→ Assignment:
Using the entries below, copy exactly each line from the line with "After George Floyd’s" up to and including the line with "Poskladané puzzle má", with every picture left out.

-------- Exercise materials

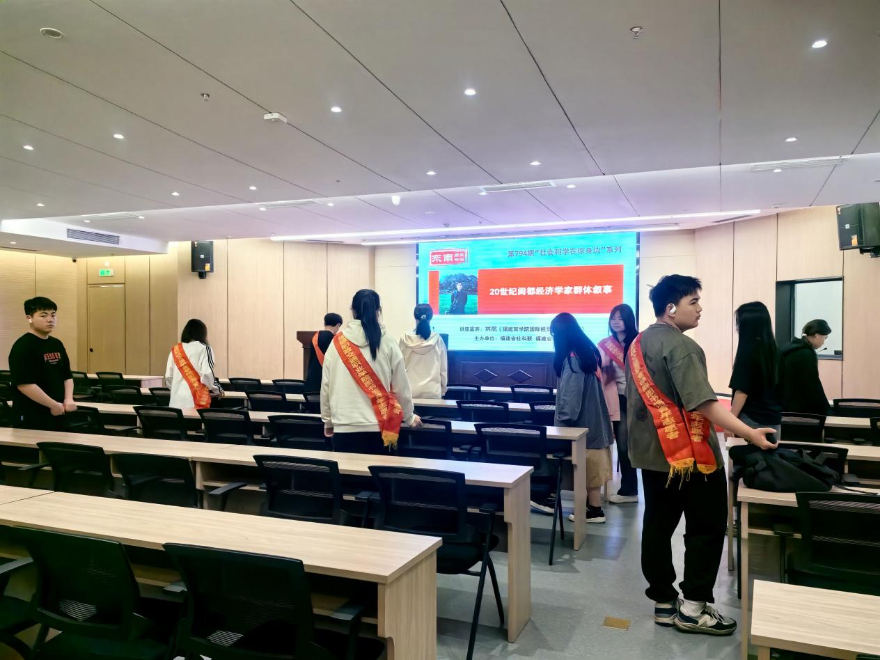 同學(xué)們在志愿服務(wù)的同時,還觀摩了福建商學(xué)院國際經(jīng)貿(mào)學(xué)院副教授、博士、福建商學(xué)院閩商研究中心特約研究員林航作“20世紀(jì)閩都經(jīng)濟學(xué)家群體敘事”的專題講座。講座講述的是以“船政人物”嚴(yán)復(fù)為代表的閩都經(jīng)濟學(xué)家發(fā)揚斗爭精神,賡續(xù)閩學(xué)基因,對舶來經(jīng)濟學(xué)說中國化的探索歷程綿延百年,為中國經(jīng)濟學(xué)建設(shè)注入閩學(xué)精神,他們的開創(chuàng)性貢獻值得銘記和緬懷。在講座最后的問答互動環(huán)節(jié)中,林航副教授親切熱情、娓娓道來地回答了同學(xué)們關(guān)注的問題。
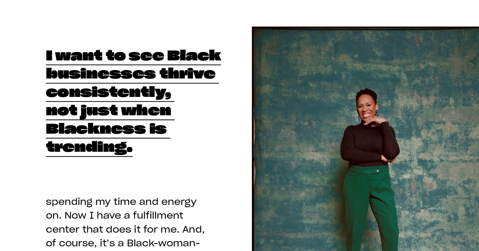 After George Floyd’s murder, there was this big collective push for supporting Black-owned brands. Whenever the police do something awful, the mass response is to give back and support Black brands. So in 2020, my sales quadrupled — and then went back down. The surge in sales was a moment, not a movement, that provided sustainable change for us. I want to see Black businesses thrive consistently, not just when Blackness is trending.
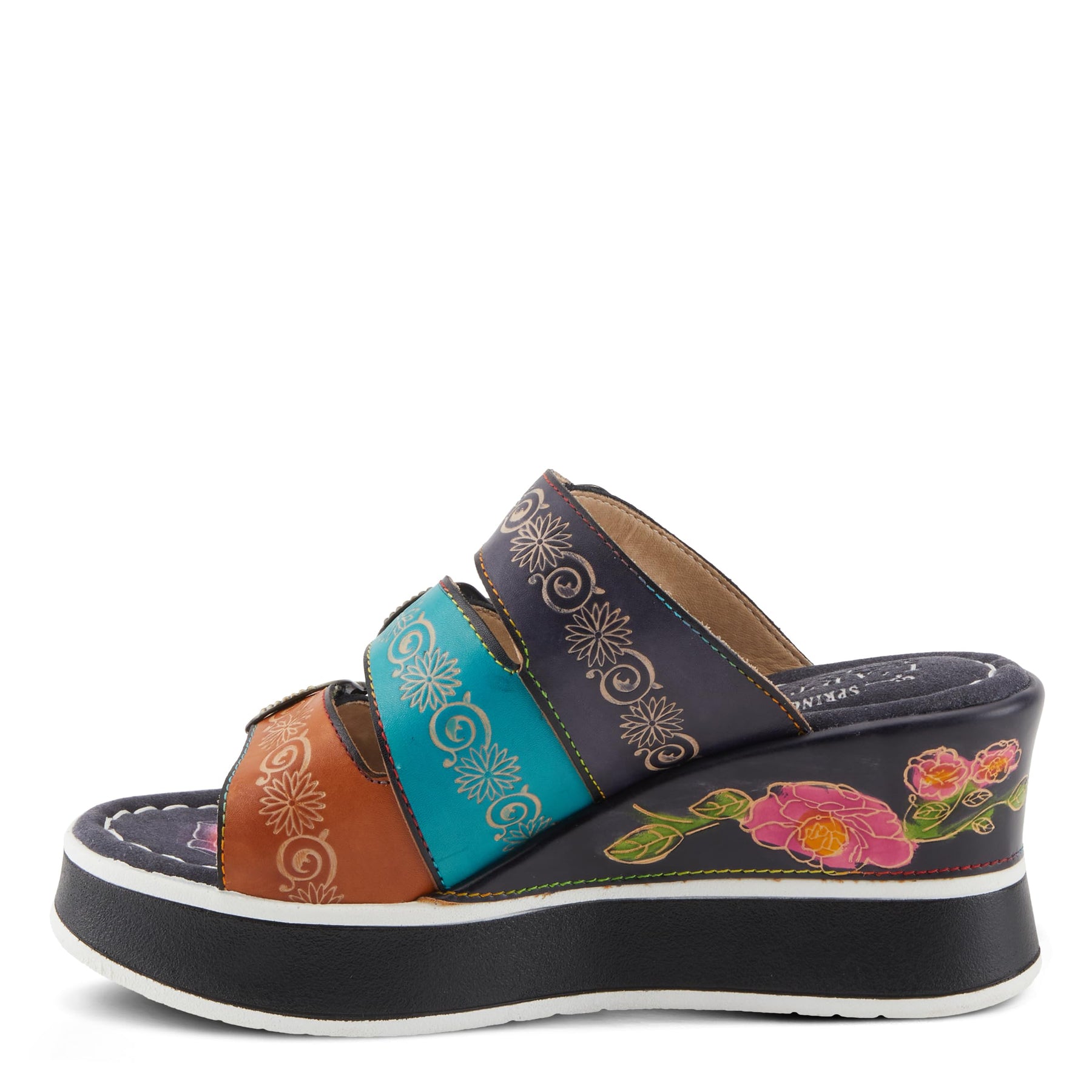 Spring Step L'Artiste Women's CALIGAL Hand-Painted Lightweight Platform Wedges Navy Multi EU 39 / US 8.5
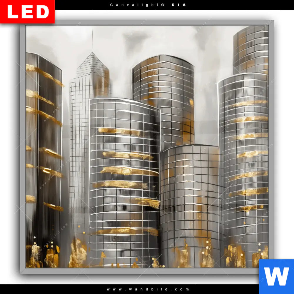 Canvalight® DIA Leuchtbild | Goldene Skyline Vision | Quadrat
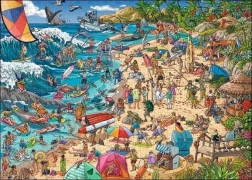 Poskladané puzzle má rozmery približne 70 x 50 cm a je ideálne pre spoločné rodinné chvíle alebo relaxáciu o samote. Ponorte sa do živej atmosféry pláže, kde si ľudia užívajú surfovanie, plávanie a oddych počas slnečného dňa.
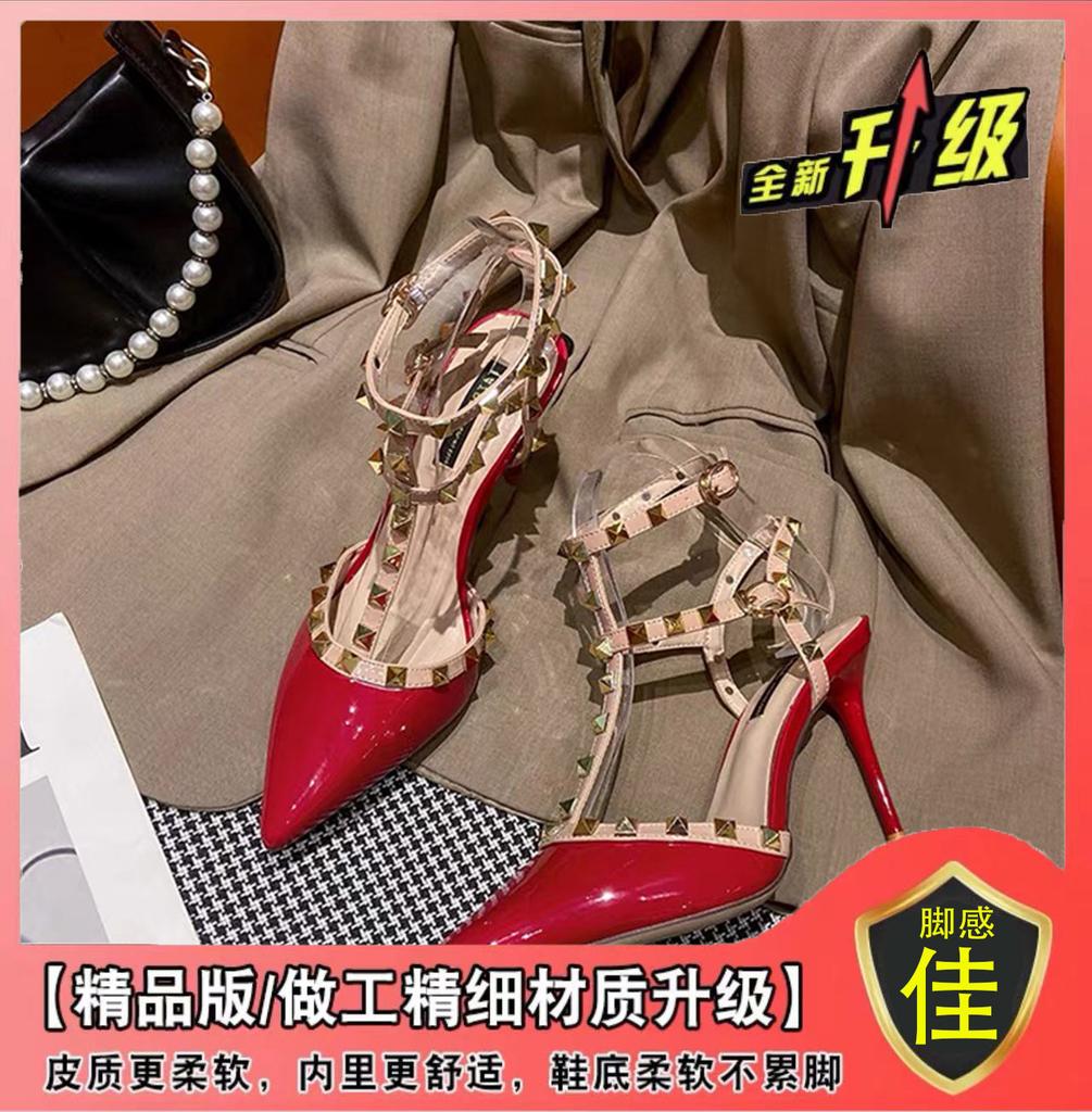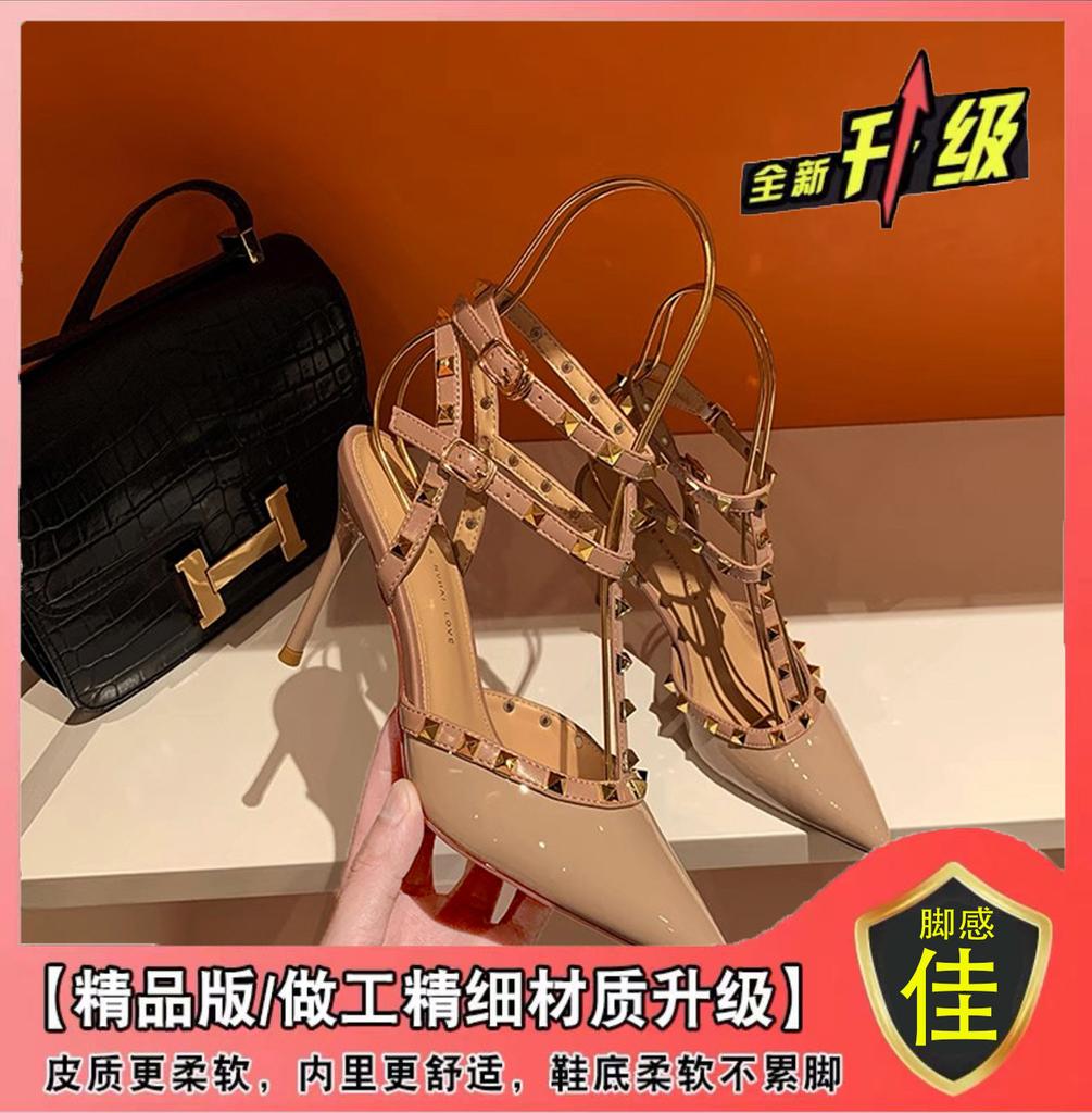 Весна 2024 года, туфли на высоком каблуке с заклепками и острым носком, женские босоножки с пряжкой в виде одного слова, женские свадебные туфли Willow, одинарные туфли на среднем каблуке

----------------

→ Answer space:
 After George Floyd’s murder, there was this big collective push for supporting Black-owned brands. Whenever the police do something awful, the mass response is to give back and support Black brands. So in 2020, my sales quadrupled — and then went back down. The surge in sales was a moment, not a movement, that provided sustainable change for us. I want to see Black businesses thrive consistently, not just when Blackness is trending.
 Spring Step L'Artiste Women's CALIGAL Hand-Painted Lightweight Platform Wedges Navy Multi EU 39 / US 8.5
 Canvalight® DIA Leuchtbild | Goldene Skyline Vision | Quadrat
 Poskladané puzzle má rozmery približne 70 x 50 cm a je ideálne pre spoločné rodinné chvíle alebo relaxáciu o samote. Ponorte sa do živej atmosféry pláže, kde si ľudia užívajú surfovanie, plávanie a oddych počas slnečného dňa.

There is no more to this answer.